▶ **DATA FOR THIS TASK**
== Segment start ==
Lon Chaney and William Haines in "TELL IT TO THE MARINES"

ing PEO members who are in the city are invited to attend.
== Segment end ==
== Segment start ==
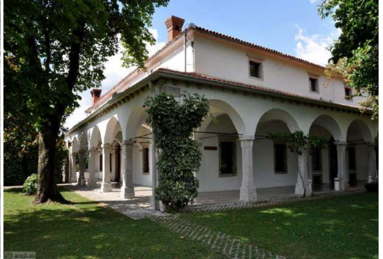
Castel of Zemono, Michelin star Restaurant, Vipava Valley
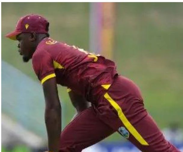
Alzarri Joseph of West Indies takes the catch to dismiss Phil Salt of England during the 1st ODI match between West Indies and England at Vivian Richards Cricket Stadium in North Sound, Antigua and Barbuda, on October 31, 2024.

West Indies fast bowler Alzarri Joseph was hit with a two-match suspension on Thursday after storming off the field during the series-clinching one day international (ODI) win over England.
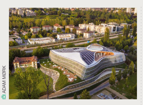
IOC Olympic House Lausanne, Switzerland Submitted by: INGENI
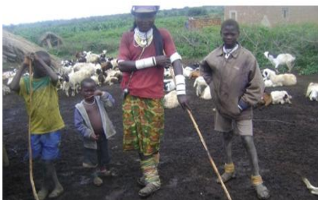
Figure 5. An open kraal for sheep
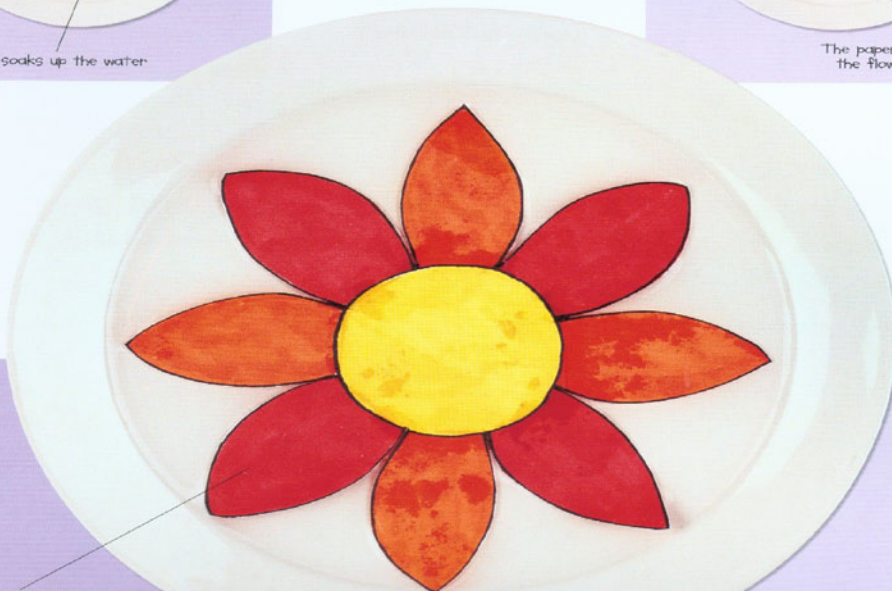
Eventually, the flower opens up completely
== Segment end ==
▶ **PROMPT**
Lines from the one above containing "IOC Olympic House" down to the one containing "Eventually, the flower opens up completely" should be transcribed exactly, with both ends kept and no pictures.

▶ **ANSWER BOX**
IOC Olympic House Lausanne, Switzerland Submitted by: INGENI
Figure 5. An open kraal for sheep
Eventually, the flower opens up completely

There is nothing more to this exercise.